Fairways and playing corridors offer plenty of width, which is welcome as the wind frequently kicks up across the exposed course about 40 minutes north of the Strip. The desert views and isolation are worth the drive, offering a completely different setting devoid of houses and towering hotels.

The conditions are immaculate, but pick the proper set of tees on what the resort calls the longest course in Nevada. The Wolf is No. 9 on Golfweek’s Best Courses You Can Play in Nevada, just ahead of its sister courses (Paiute’s Sun Mountain is No. 10, and the Snow Mountain Course is No. 11).

Bali Hai Golf Club (Courtesy of Bali Hai)

Bali Hai Golf Club | Par 71; 7,002 yards

Located on the south end of the Strip, this fun course is perfectly situated to serve the various groups that frequent its fairways. The halfway house is the property’s nerve center, serving drinks to bachelor parties and corporate golf days.

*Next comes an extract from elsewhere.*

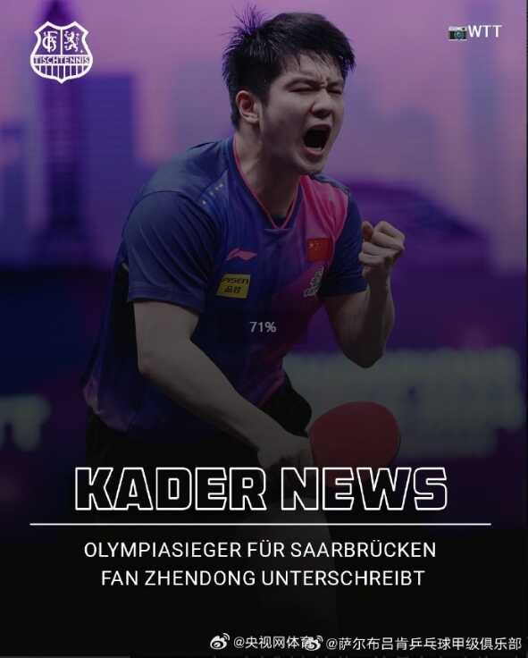 在俱乐部官方声明中,樊振东表示:我真的很期待在萨尔布吕肯和德甲的新挑战,体验新的环境——并与球队一起赢得更多的胜利。
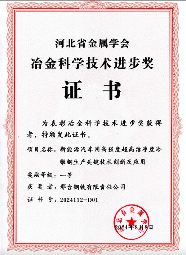 2024年8月8日,邢鋼《新能源汽車用高強度超高潔凈度冷鐓鋼生產(chǎn)關(guān)鍵技術(shù)創(chuàng)新及應用》項目榮獲河北省冶金科學技術(shù)進步獎一等獎。

The Lee Schmidt and Brian Curley layout, which opened in 2000, is near McCarran International Airport and features a fair amount of elevation changes and some 4,000 trees that help create separation in the often forgiving playing corridors.

With a green fee that can be less than a quarter of the price to play the newly reopened Wynn Golf Club, it’s a solid choice. Bali Hai is No. 47 on Golfweek’s Best list of casino courses.